2022-03-03T17:47:22.761Z  INFO Runner - Failed to run compactor tool: Command 'MALLOC_TRIM_THRESHOLD_=1310720 nice -n -10 java -XX:+UseConcMarkSweepGC -verbose:gc -XX:+PrintGCDetails -XX:+PrintGCTimeStamps -XX:+PrintGCDateStamps -Xloggc:/var/log/corfu/compactor-gc.log -XX:+UseGCLogFileRotation -XX:NumberOfGCLogFiles=10 -XX:GCLogFileSize=1M -XX:+UseStringDeduplication -XX:+HeapDumpOnOutOfMemoryError -XX:HeapDumpPath=/image/core/compactor_oom.hprof -XX:OnOutOfMemoryError="gzip -f /image/core/compactor_oom.hprof" -XX:+CrashOnOutOfMemoryError -Xms963m -Xmx963m -Djava.io.tmpdir=/image/corfu-tools/temp -Djdk.nio.maxCachedBufferSize=1048576 -Dio.netty.recycler.maxCapacityPerThread=0 -DlogFilePrefix=/var/log/corfu/corfu-compactor-audit -Dlog4j.configurationFile=/opt/vmware/ufo-tools/corfu-compactor-log4j2.xml -Dcorfu-property-file-path=/opt/vmware/cbm/etc/ufo-factory.properties -cp "/opt/vmware/ufo-tools/*" com.vmware.nsx.platform.ufo.UfoCompactorMain -hostname 10.1.1.132 -hostname 10.1.1.133 -hostname 10.1.1.131 -port 9000 -trim -useDistributedLock -lockCorfuHostname 10.1.1.131 -lockCorfuPort 9000 -bulkReadSize 50' returned non-zero exit status 134.
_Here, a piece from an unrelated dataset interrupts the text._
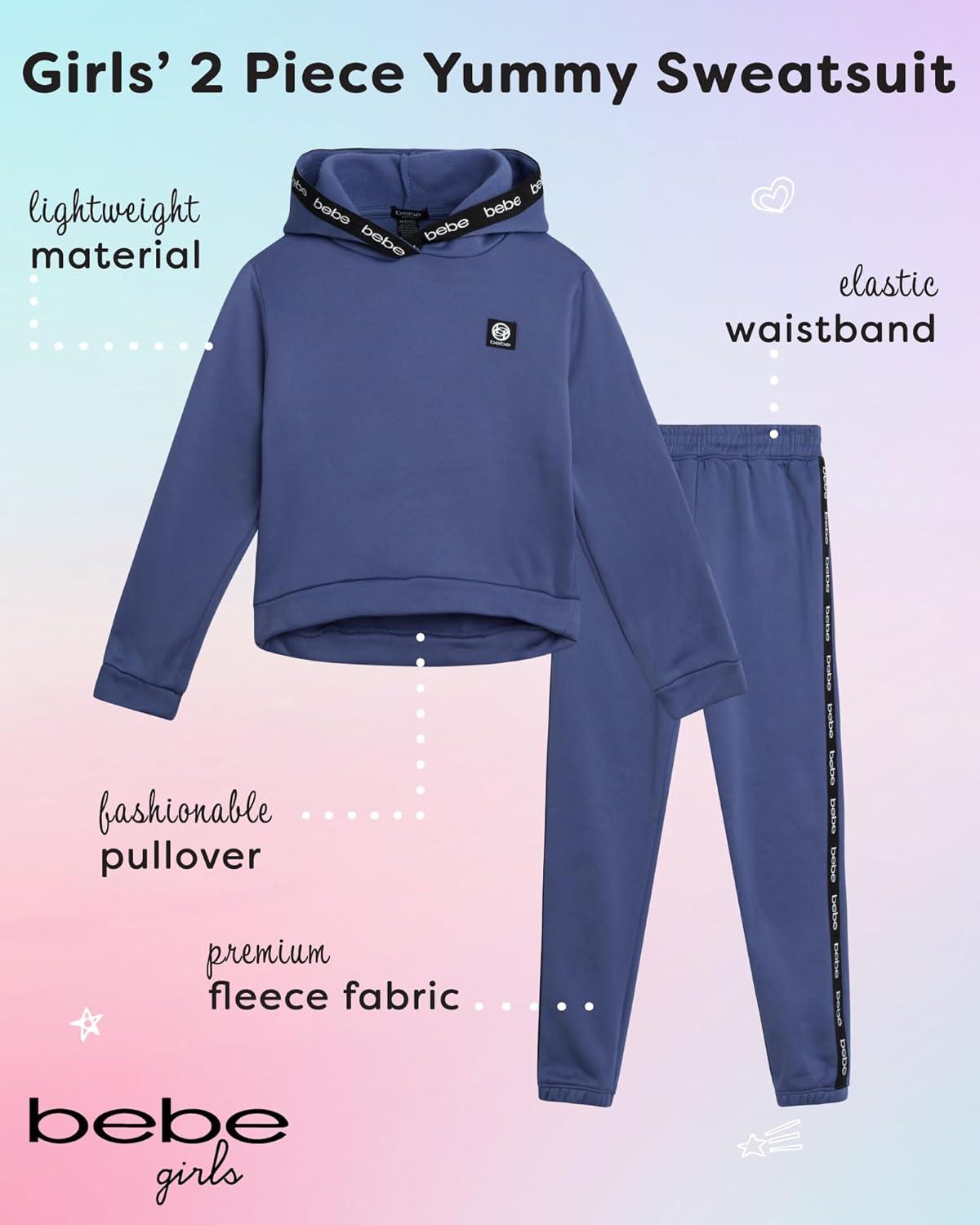 Bring a burst of fun, comfort, and fashion-forward flair to her wardrobe with the bebe Girls 2 Piece Yummy Cotton Blend Fleece Hoodie and Jogger Sweatpants Set-a stylish essential designed for girls who love to move with confidence. This isn't just another girls jogger set-it's a mix of cozy comfort and trendsetting design that makes every day feel runway-ready. Whether she's heading to school, chilling with friends, or out for family adventures, this sweat set for girls keeps her effortlessly put-together. Crafted from a soft, durable cotton blend fleece, this sweatshirt and sweatpants set feels smooth on the outside and comfortably plush inside. The pu.llover hoodie features signature bebe logo detailing and a modern fit that pairs perfectly with the tapered joggers. With its stretchy waistband and cuffed hems, the hoodie sweatpants set gives her room to move. As part of the clothing for teen girls collection, this girls tracksuit set offers a balance of comfort and attitude. Whether she's into athleisure or streetwear, this sweatpants and hoodie set blends both worlds-making it one of the most cute outfits for teen girls this season. It's designed to keep up with her active lifestyle, from morning classes to weekend hangouts. The girls sweatsuit set also delivers versatility. She can wear the full two piece sweatsuit for a coordinated look or mix each piece with other wardrobe favorites. From a pink sweatsuit kids style to neutral shades, this girls sweat outfit adds a playful pop of energy to any closet. Perfect for fall and beyond, it transitions seamlessly between sweatpants and sweatshirts weather to cooler days that call for cozy sweatsuits for girls. When it comes to matching hoodie and sweatpants comfort, bebe does it right-creating girls sweatsuits that look as good as they feel. Designed for movement, made for confidence, and styled for everyday fun, this sweatpants and sweatshirt set is the ultimate expression of sporty chic fashion.

And other services are also running out of memory:

grep "| java.lang.OutOfMemoryError: Java heap space" tanuki.log | head
INFO | jvm 1 | 2022/03/04 20:45:02 | java.lang.OutOfMemoryError: Java heap space
INFO | jvm 2 | 2022/03/07 03:01:18 | java.lang.OutOfMemoryError: Java heap space
INFO | jvm 3 | 2022/03/07 12:02:34 | java.lang.OutOfMemoryError: Java heap space
INFO | jvm 4 | 2022/03/07 18:21:28 | java.lang.OutOfMemoryError: Java heap space
INFO | jvm 5 | 2022/03/07 19:44:54 | java.lang.OutOfMemoryError: Java heap space
INFO | jvm 6 | 2022/03/07 20:47:07 | java.lang.OutOfMemoryError: Java heap space
INFO | jvm 7 | 2022/03/08 03:36:20 | java.lang.OutOfMemoryError: Java heap space
INFO | jvm 8 | 2022/03/08 05:35:02 | java.lang.OutOfMemoryError: Java heap space
INFO | jvm 9 | 2022/03/08 08:10:50 | java.lang.OutOfMemoryError: Java heap space
INFO | jvm 10 | 2022/03/08 11:18:34 | java.lang.OutOfMemoryError: Java heap space

Environment

VMware NSX-T Data Center 3.x

You are using IDFW and have log scrapping configured AD and Aria Operations for Logs.

Cause

This issue can occur when IDFW is configured with AD log scrapping and there are to many login and logout events.
The mechanism used to clean up this table can not keep up with the events and eventually the table grows to big for the corfu compactor service to complete, which causes the corfu compactor service to crash.
This issue can cause other services to crash as seen in the tanuki log above, due to the amount of memory taken by the corfu compactor service when trying to complete the compaction.

Resolution

This issue is resolved in VMware NSX-T Data Center 3.2.2.0
This issue is resolved in VMware NSX-T Data Center 3.2.3.0
This issue is resolved in VMware NSX 4.0.1.1

Workaround:
It is possible to increase the intensity of the IDFW cleaner to start more often and cleanup these entries, thus reducing the retention time of the events in the corfu table.
If you believe you have encountered this issue, please open a support request and reference this KB.